18+
реклама
18+
Бургер менюБургер меню

Юрий Мамлеев – Том 1. Шатуны. Южинский цикл. Рассказы 60–70-х годов (страница 90)

18

С похорон Виталий — с тем же дальним и надменным выражением лица — попал в хирургическую больницу.

Там было мрачно и неуютно. Большинство поврежденных лежало в коридоре, Бог знает как. Простыни вздымались по сторонам. Виталий огляделся: так вот он куда попал после своего откровения! Впрочем, теперь ему было все равно. Свет исчез, но Виталий уже не был таким, как прежде. Некая реальность вошла.

Кругом урчали от боли и гоготали. То и дело сновали нелепо равнодушные сестры и нянечки. С тупым упорством они не подавали воды человеку, кричащему на полу рядом с Виталием. Впрочем, от человека остался, как говорится, почти клок волос, настолько он был не мясист.

По другую сторону Виталия лежал огромный мужчина, который по делу упал с пятого этажа и долго пролежал так на мостовой, пока не приехала «скорая помощь». У него были разрушены кости, но, умирая, он непрерывно рассказывал похабные анекдоты, так и умер к вечеру с анекдотом во рту.

— Умру или не умру? — спрашивал он перед смертью.

Многие слушали его анекдоты.

Вообще, к вечеру Виталий телесно почему-то окреп, и ему показалось, что от его присутствия люди стали умирать еще резвее. Вряд ли это было так, но, помимо анекдотчика, поздно вечером умер еще голопузый мужик, лежащий вниз животом. Он любил громко и шумно, подряд, испускать ветры, за что пользовался каким-то уважением у больных. С этими звуками он и ушел на тот свет.

— До баб ли ему! — хохотала нянечка, снимая с него штаны.

Как тени, мелькали врачи.

«Где луна, где светила? — думал Виталий, глядя в окно. — Где облака?! Где моя бездна?!»

К нему подходили с вопросами о штанах полуумирающие и, не получив ответа, отходили. Потому что леденело-невиданная ясность светилась в его глазах. Но они отходили не от ясности, а оттого, что принимали ее за удар топора, произошедший где-то рядом, в другой палате. И то это были самые чувствительные.

Всюду, куда он приходил, получались истории.

На его глазах на следующее утро привезли мужика, наполовину раздавленного, и положили в ванну так, что была видна одна голова. Да туловища, по существу, и не было. Старик больной, непохожий на всех остальных, вздрогнул и перекрестился, увидев раздавленного.

— Что? Боишься, старик?! — проговорила голова. — А вот я не боюсь! — И сверкнули угрожающе черные глаза.

Немного спустя «он» — с головою, без туловища, — как полагается, умер.

Но Виталия уже не умиляли эти картины. Стал ли он видеть затылком или у него появился высший, верхний лик?! Или просто он был в пути, застревая в черном?! Как мумия, скрестив руки, точно открывая умерших богов, бродил он среди больных, пронзая самого себя своим отсутствием. Иногда щупал появляющиеся в сознании — как облака, как предтечи — миры.

…После многих смертей еще спокойней стало в коридорах. Впрочем, всем было до деревяшки. По-своему не замечал Виталий и юркого, единственного крикливого больного, рассказывающего всем, как он пять раз за последний год попадал под поезд.

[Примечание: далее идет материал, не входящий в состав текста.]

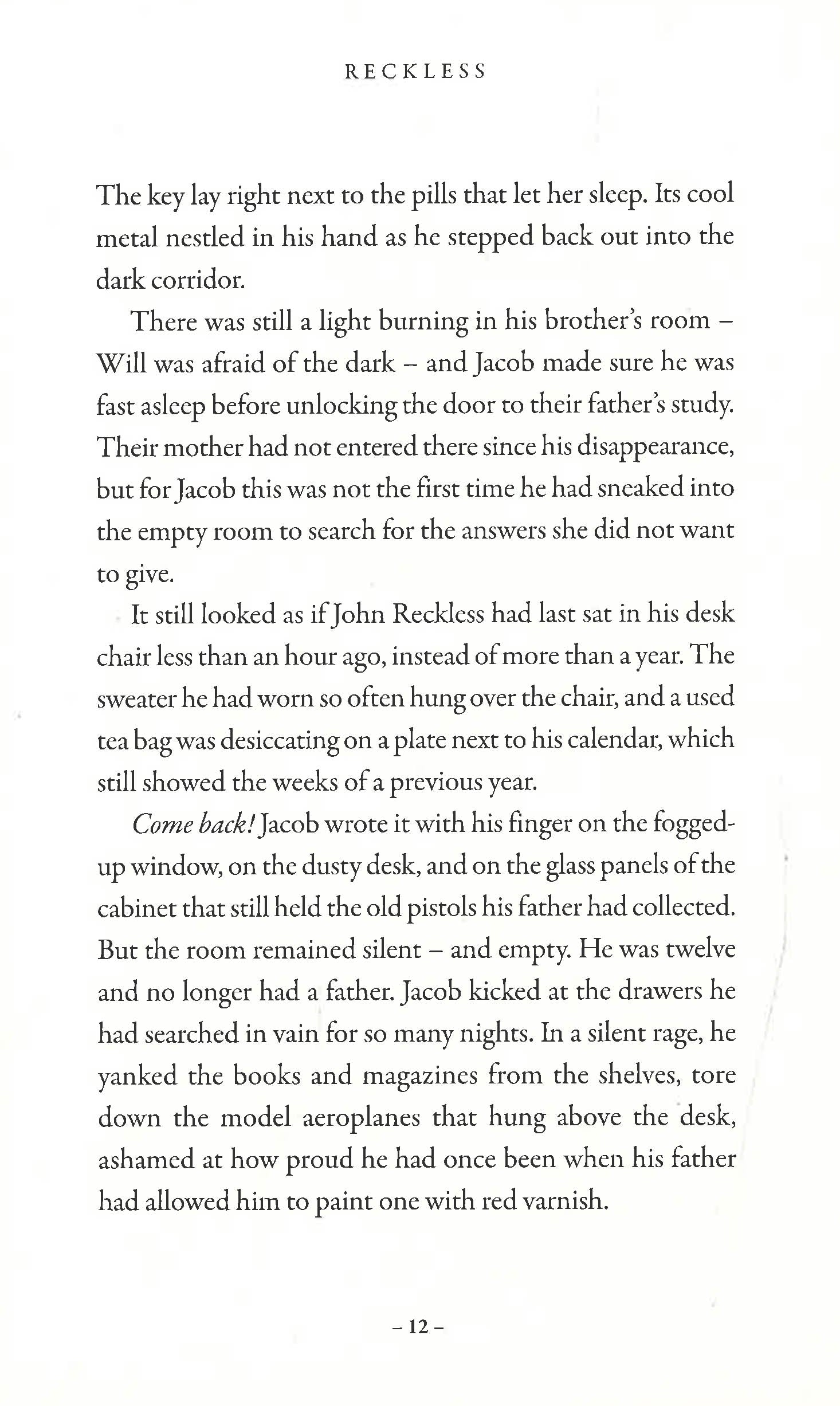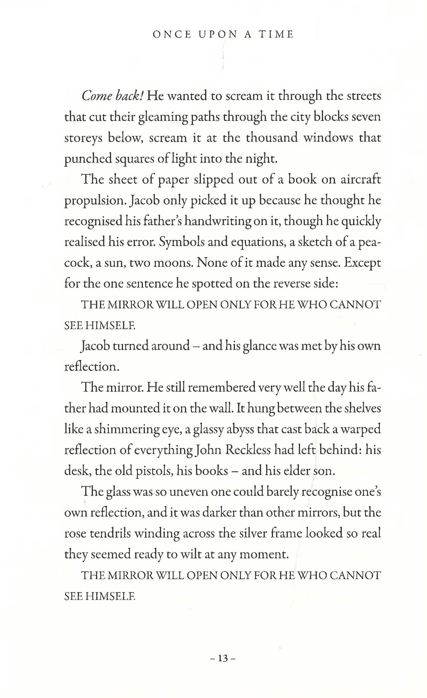 For the first time in his life, Jacob Reckless is afraid. For years he's stolen across to another world. A dark enchanted place he's loved for its treasure, secrets and dangers. Until now. Will, his younger brother, has followed him with terrible consequences: the boy will turn to beast; the girl he loves will break her heart and chaos will rule forever, unless Jacob can spin a fairytale to save them..

— Как только сяду в электричку, так обязательно попадусь. Места на мне живого нет!! — покрикивал он перед сонной и одуревшей от полусекса сестрой, которая любила пить касторку.

Последний раз его так перемололо, что уж было забросили в морозильную машину для мертвых, но кто-то пронюхал, что он полужив.

Носильщик тогда обратился к остолбенелому на своем месте медвежье-огромному милиционеру:

— Вызови «скорую».

— Гу-гу, — ответил милиционер.

— А если тебя так? — скорчился носильщик.

Мяукнув, милиционер скрылся… А поломанный, как только открыл глаза, очнувшись, тут же схватился кровавой рукой за член: жив ли?!

— Вам подарочек, сестренка! — лихо выкрикивал теперь этот больной, распахивая перед няней халат. — Мотоцикл купить не могу, а вот это пожалуйста!!

Няни прогоняли его тряпками. Впрочем, все было чисто. Кто-то играл в домино, постукивая костылями по стулу. Кто-то входил, кто-то уходил, кто-то сталкивался лбом с соседом. Мяукала под кроватью кем-то принесенная кошка.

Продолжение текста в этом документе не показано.